→ The problem: Look for the line containing "Kunstenaar: Salvador Dali" and the line containing "Excited fans dancing" in the entries below. Copy those two and all lines between them exactly, leaving out pictures.

→ Given information:
+ + + + + + +

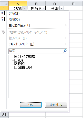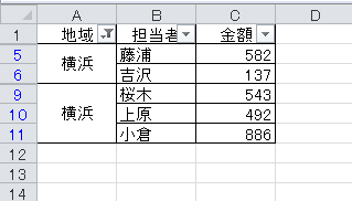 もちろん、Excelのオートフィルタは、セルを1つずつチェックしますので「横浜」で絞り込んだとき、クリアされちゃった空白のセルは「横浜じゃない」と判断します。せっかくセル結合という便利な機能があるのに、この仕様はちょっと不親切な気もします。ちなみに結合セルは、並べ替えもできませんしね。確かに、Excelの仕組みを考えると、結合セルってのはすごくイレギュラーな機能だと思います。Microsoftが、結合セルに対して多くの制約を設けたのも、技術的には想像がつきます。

+ + + + + + +

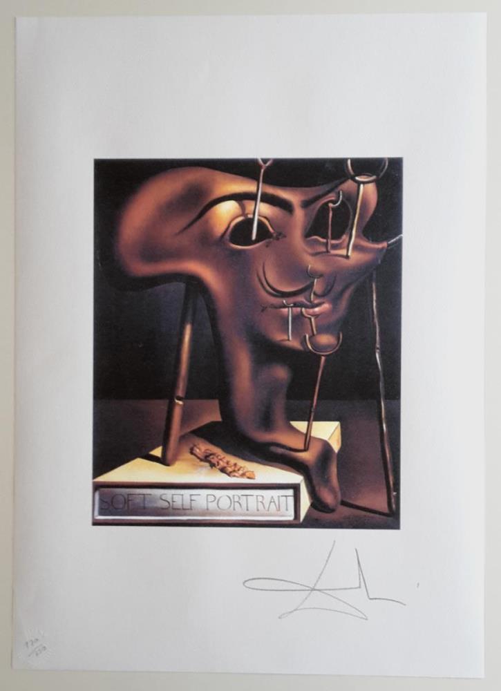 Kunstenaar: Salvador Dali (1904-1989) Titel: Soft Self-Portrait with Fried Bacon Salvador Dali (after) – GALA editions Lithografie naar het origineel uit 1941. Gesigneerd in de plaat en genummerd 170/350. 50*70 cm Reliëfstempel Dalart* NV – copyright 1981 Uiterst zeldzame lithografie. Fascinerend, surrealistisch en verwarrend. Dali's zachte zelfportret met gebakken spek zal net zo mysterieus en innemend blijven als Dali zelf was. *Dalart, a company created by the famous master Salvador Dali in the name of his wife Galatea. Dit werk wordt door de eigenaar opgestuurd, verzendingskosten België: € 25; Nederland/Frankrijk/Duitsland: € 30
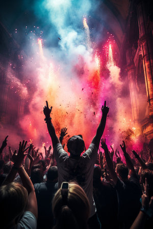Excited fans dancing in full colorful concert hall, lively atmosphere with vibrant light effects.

+ + + + + + +

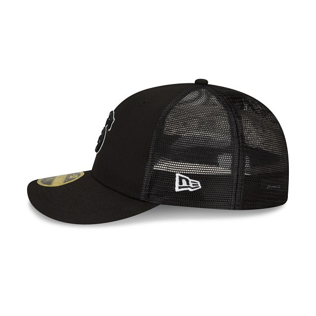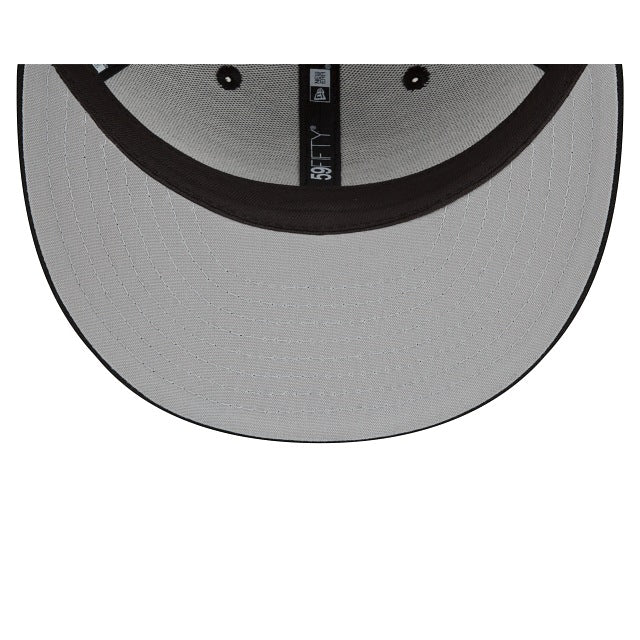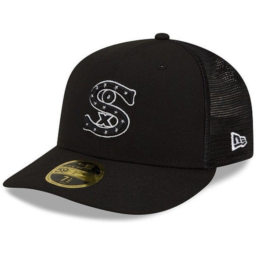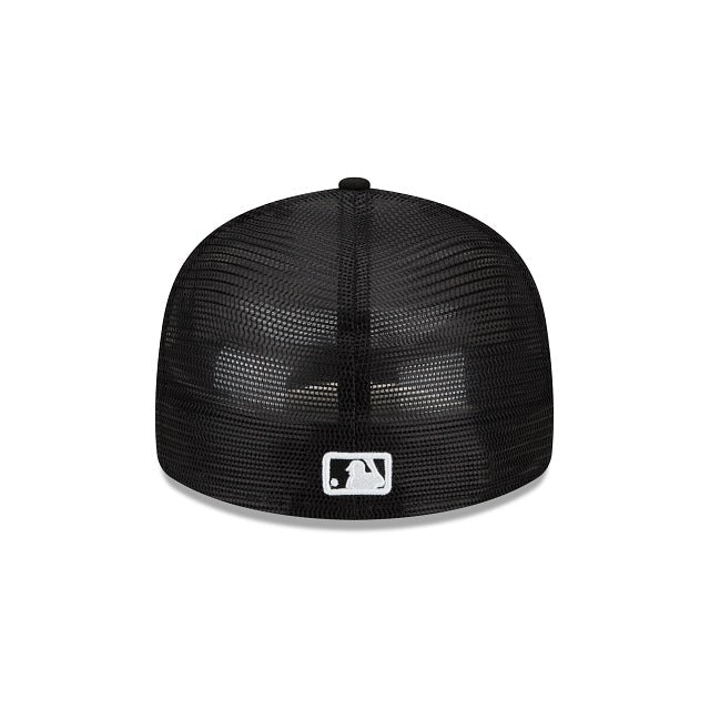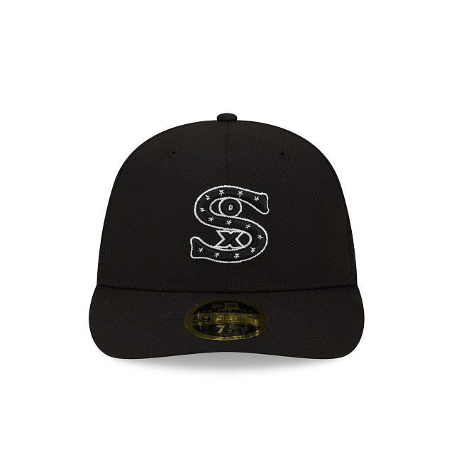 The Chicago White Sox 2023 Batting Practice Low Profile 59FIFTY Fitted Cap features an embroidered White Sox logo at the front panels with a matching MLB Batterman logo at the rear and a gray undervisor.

+ + + + + + +

→ Result below:
 Kunstenaar: Salvador Dali (1904-1989) Titel: Soft Self-Portrait with Fried Bacon Salvador Dali (after) – GALA editions Lithografie naar het origineel uit 1941. Gesigneerd in de plaat en genummerd 170/350. 50*70 cm Reliëfstempel Dalart* NV – copyright 1981 Uiterst zeldzame lithografie. Fascinerend, surrealistisch en verwarrend. Dali's zachte zelfportret met gebakken spek zal net zo mysterieus en innemend blijven als Dali zelf was. *Dalart, a company created by the famous master Salvador Dali in the name of his wife Galatea. Dit werk wordt door de eigenaar opgestuurd, verzendingskosten België: € 25; Nederland/Frankrijk/Duitsland: € 30
Excited fans dancing in full colorful concert hall, lively atmosphere with vibrant light effects.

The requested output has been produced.